Greetings! I have four kids whom I have been training on leashes. The little bucklings (now wethers) are really catching on quickly to commands, but the doelings aren't that interested in the training. The boys are now running in tandem with one another, on a leash that I have fashioned into a two goat lead. I would like to train my goats to pull a cart. My goal is to have them pull folks, in parades, at kid's birthday parties, etc. Can anyone give me advice on where to find halters, and driving equipment? Should I buy some books on this topic? 
Thank you for your input!


----------



## Damfino

Best halters ever: http://www.soprisgoats.com/goatx.html

They have rings on the side of the noseband, which not only keeps the halter from twisting around weird on tighter adjustments, but it gives you a place to hook your reins.


----------



## navababy

*How hard is it to train goats to pull a cart?*

Thank you for your response! I checked out the recommended company, and signed up for their email alerts. My boys are really getting into the training aspect of life! They are so eager to please me! One of my doelings is very standoffish, and the other one just wants to sit in my lap. I will keep working with them, but I don't see getting too far with the girls. Again, Thank you for your suggestion!
Cindy


----------



## sanhestar

fibromom said:


> :laugh::laugh: Wow, need to wait another 2-4 years then, if I want to use the twins to pull. (I want a cart that will hold husband and me.) How do I know when their growth plates are closed? :cart:


Growth plates are closed when they stop growing. Depending on individual goat, lines and upbringing this can take up to six years (if diet is very poor or the goat was ill or very worm-infested).
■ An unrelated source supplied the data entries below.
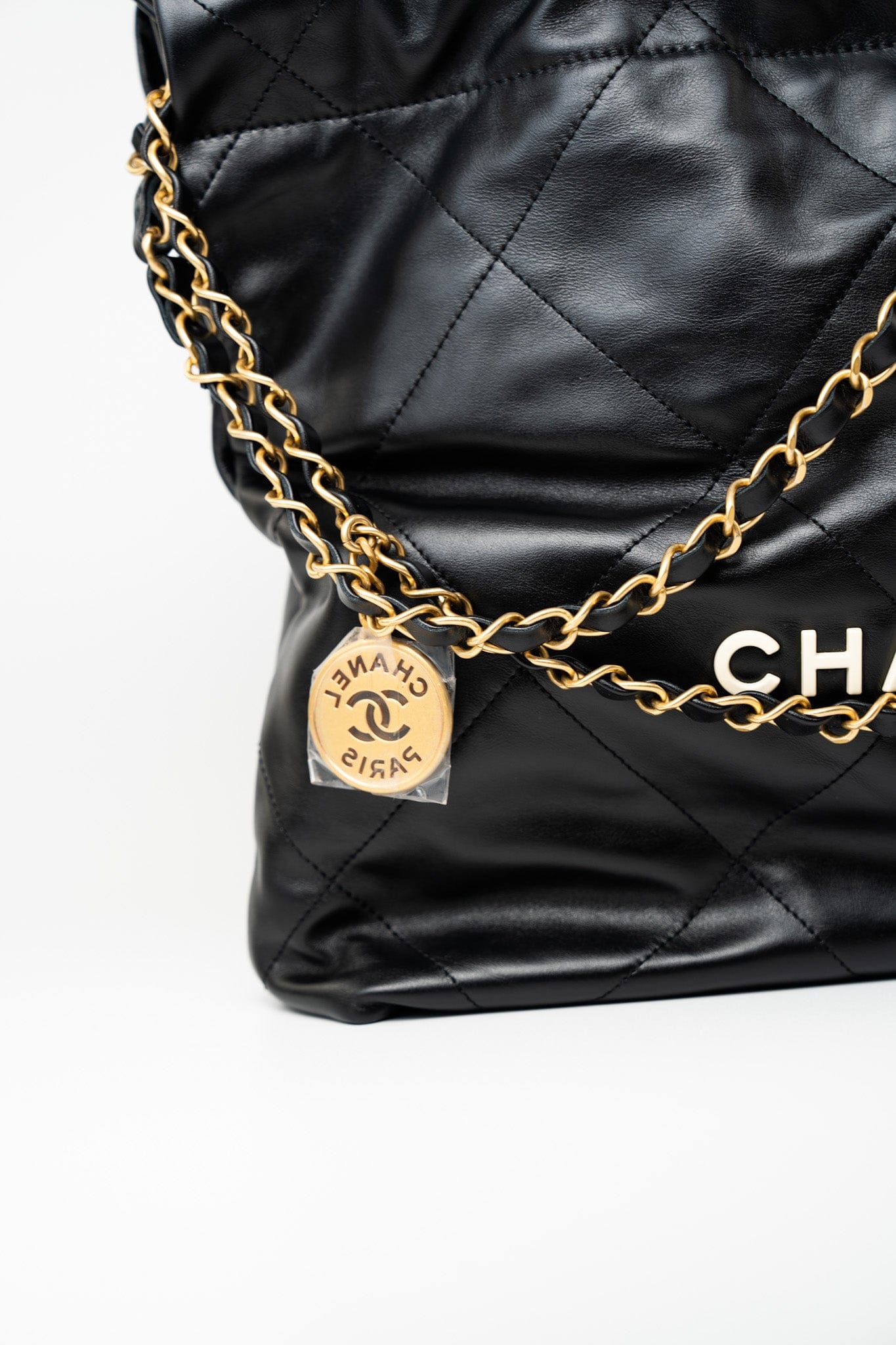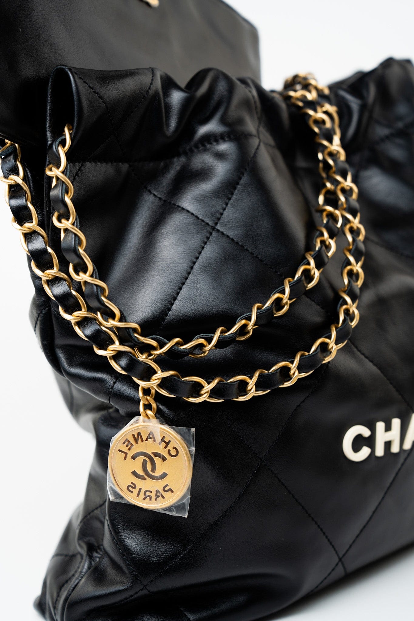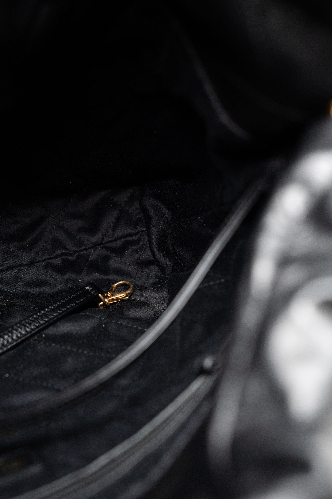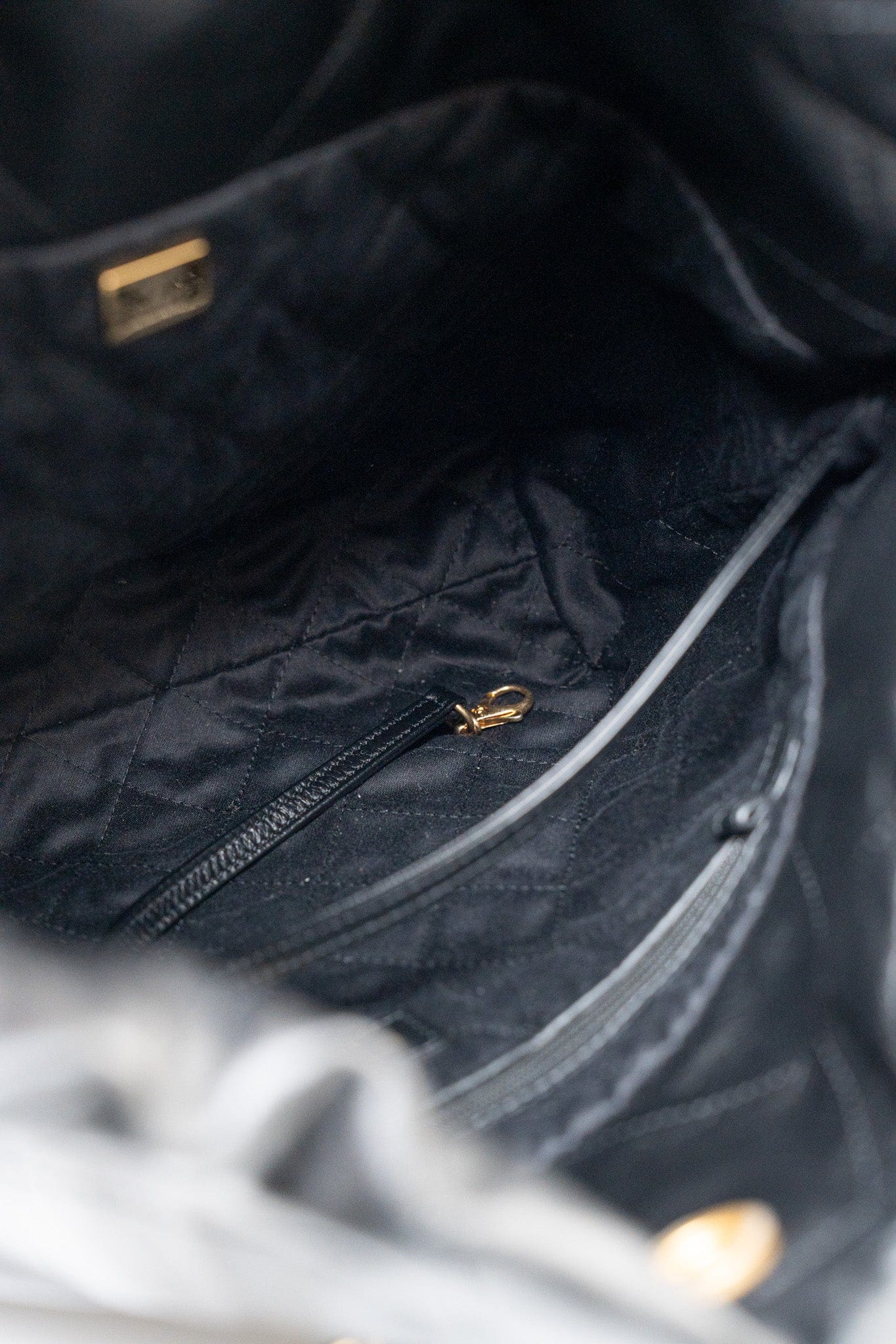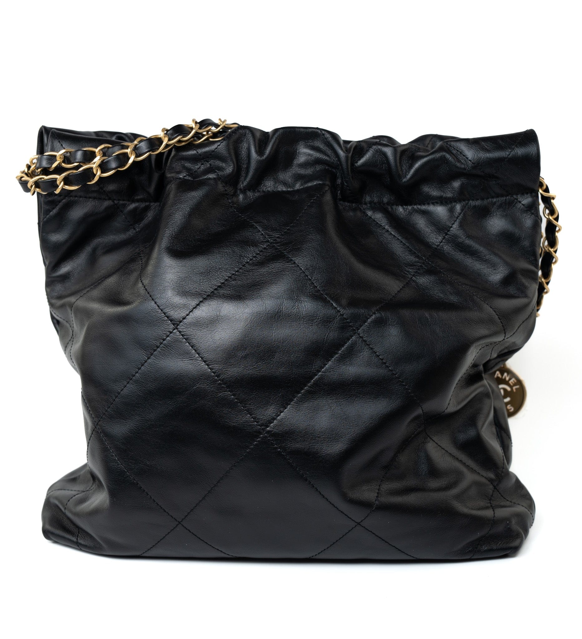 22S Black Calfskin Quilted 22 Drawstring Bag Small Antique Gold Hardware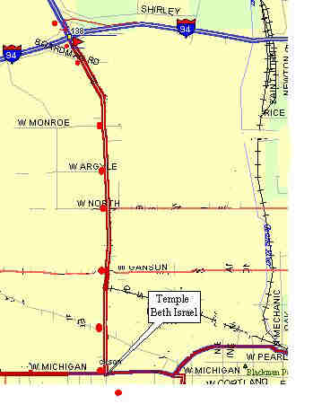 To Jackson map From I-94 and the North End Motels 1. Simply get onto US 127 South (that is the ramp on the West side of the Springport Road Bridge). 2. Bear out of the Exit Only Lane to Chicago and go straight. Once under I-94 the road becomes West Avenue. 3 Follow West Avenue to the Temple at the Corner of Michigan Avenue (Bus. Route 94) From Ann Arbor 1. Take I-94 West to Exit 138. (This is one after Cooper) 2. Take the left split from the exit ramp and go to the stoplight. 3. Turn Left onto US 127 South (go under highway). Once under I-94 the road becomes West Avenue. 4. Follow West Avenue to the Temple at the Corner of Michigan Avenue. Note that you will cross a small but steep bridge over a railroad. Michigan Avenue is the second light after the bridge. 5. Continue slightly past the temple on West Avenue to reach the temple parking lot on the left. From Lansing Once under I-94 the road becomes West Avenue. 1. Take US 127 South to Jackson. 2. Stay on the road it becomes - West Avenue 3. Follow West Avenue to the Temple at the Corner of Michigan Avenue To Jackson map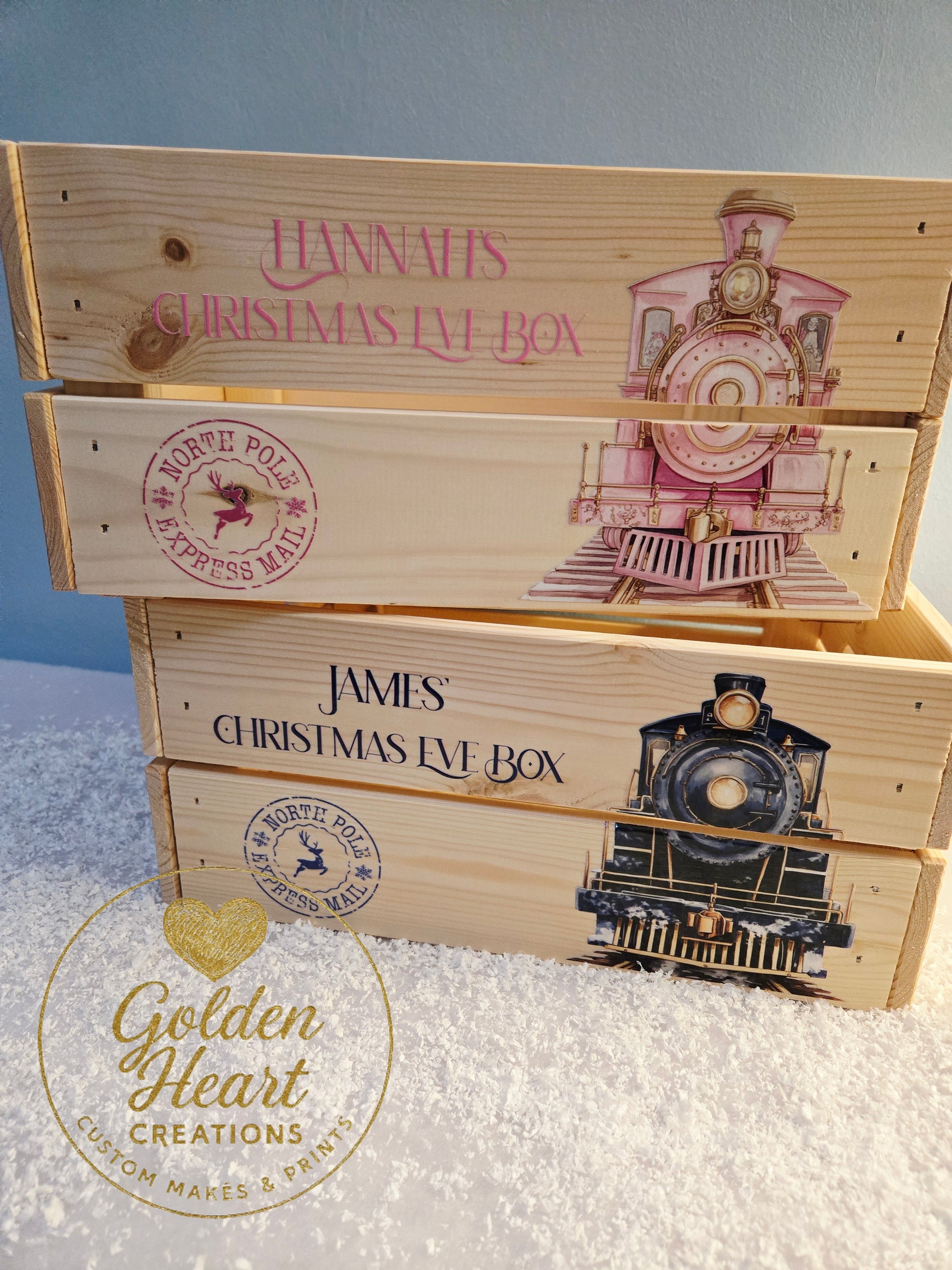 Make Christmas Eve magical with these beautifully customised wooden crates — the perfect keepsake for children, siblings, or the whole family.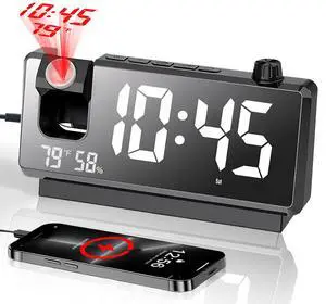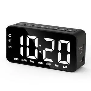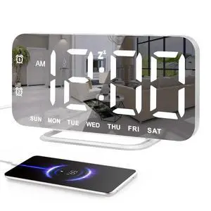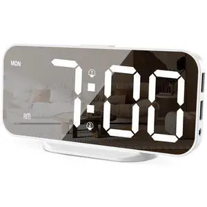 Slim LED Digital Alarm Clock, Mirror Surface for Makeup, with Diming, Large Display, Easy Setting, USB Ports, Modern Decor for Bedroom, Desk, Christmas, Birthday Gift for Women, Daughter, Girl, White- Type: Digital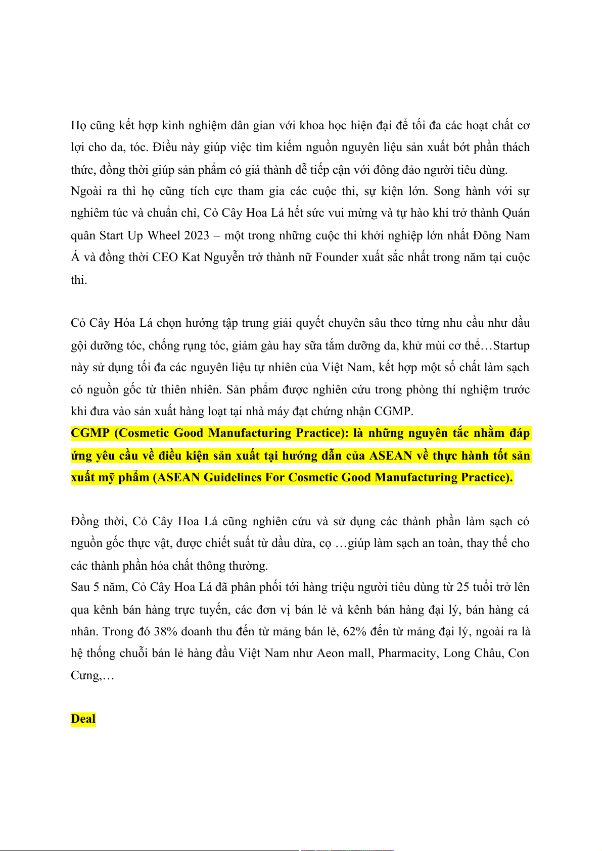 gội dưỡng tóc, chống rụng tóc, giảm gàu hay sữa tắm dưỡng da, khử mùi cơ thể…Startup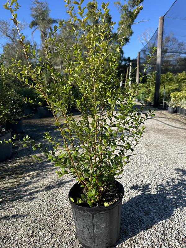Simpson Stopper (Myrcianthes fragrans) is a dense, evergreen shrub native to Florida, often used as a hedge or foundation plant. It features small, glossy green leaves and produces fragrant white flowers followed by dark purple berries that attract birds. It is drought-tolerant and moderately salt-tolerant, thriving in full sun to partial sun conditions.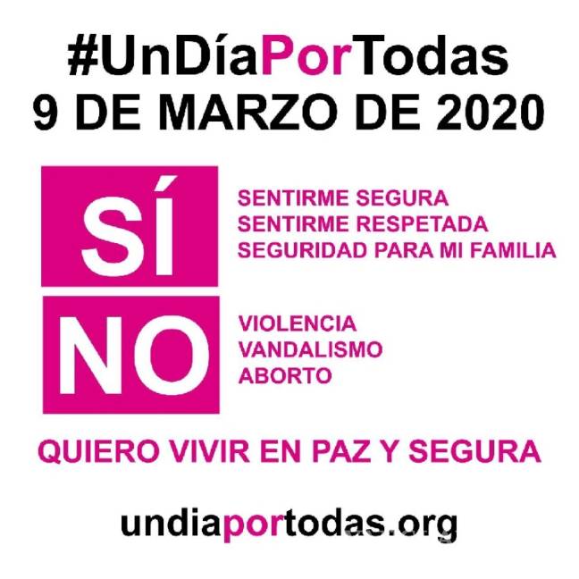 "No a la violencia. No al vandalismo. No al aborto", se lee en la página web oficial de "Un día por todas".
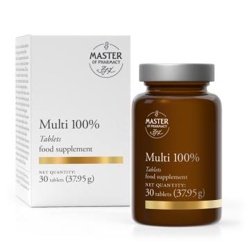 Prehransko dopolnilo Multi 100% so multivitaminske tablete za imunski sistem in zmanjšanje utrujenosti.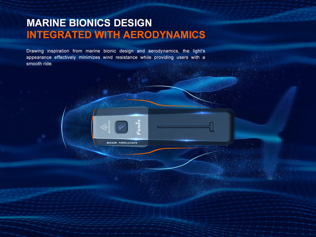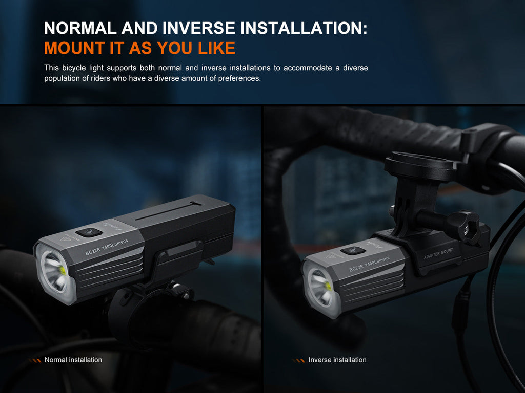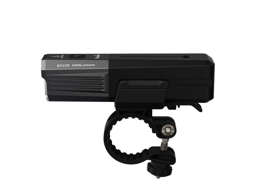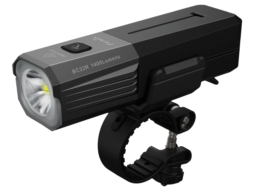 The Fenix BC22R High-Performance Road Bike Light delivers a powerful 1400-lumen output with a broad 512-foot flood beam, ensuring clear visibility while its anti-glare cut-off line protects pedestrians and oncoming traffic for your safety and theirs. Compact and aerodynamically designed, it mounts easily on the top or bottom of handlebars with a quick-release system for effortless use.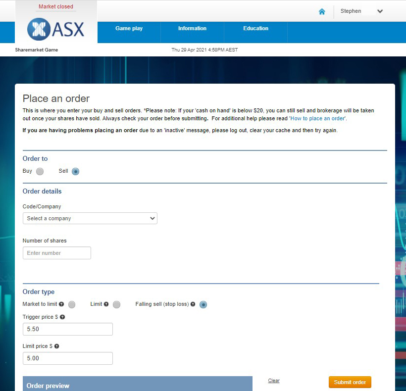 In real life, if you have a long investment timeframe (five years or more), you can take a few more chances, since you have time to rebuild your capital if there’s a market downturn or you make an unsuccessful investment. But in the Sharemarket Game, you won’t have the time to rebuild if you do suffer major losses.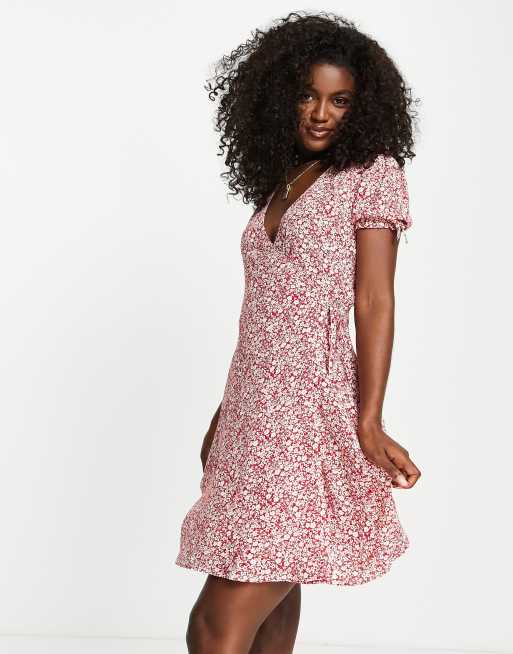 Pimkie Robe courte cache c ur fleurs avec manches courtes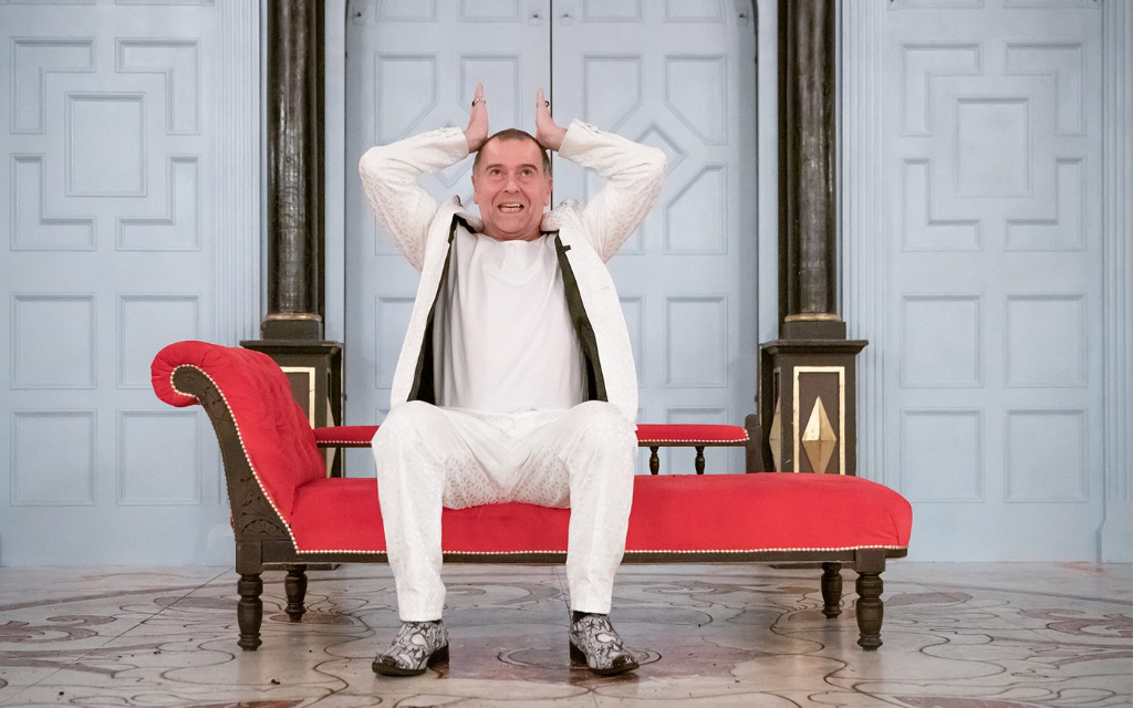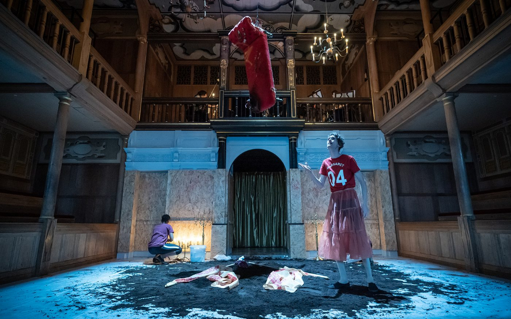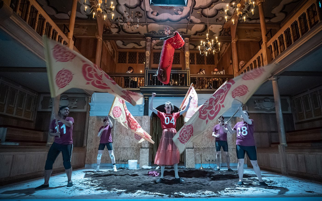Grace Smart’s set design blurs the lines between tragedy and comedy, and Emily Adamson’s costume design brings an almost Orwellian feeling – complete with animal masquerades – to the people’s resistance that gives voice to those outside the confines of the court and the troubles of the nobility.

Asking two goats to pull two adults is too much in my opinion. Again, this depends on many outside factors:

size of the goats, weight of the cart, size and width on the wheels (larger, narrower wheels offer less resistance), type of ground (harder, smoother ground = less resistance), type of terrain (flat or mountains/hills).

Rule of thumb is

any animal can pull its own weight (this then includes weight of cart AND passengers) up a hill/mountain resp. through deep, heavy ground and up to twice its weight on even, flat, smooth ground.

Your buck will not only be a "little" larger than your doe but will grow to 1/3 more of her height/weight


----------



## JonesFamilyFarm

i found folks on etsy.com that make and sell harnesses for goats. we bought one from I.Belles that we are quite pleased with!


----------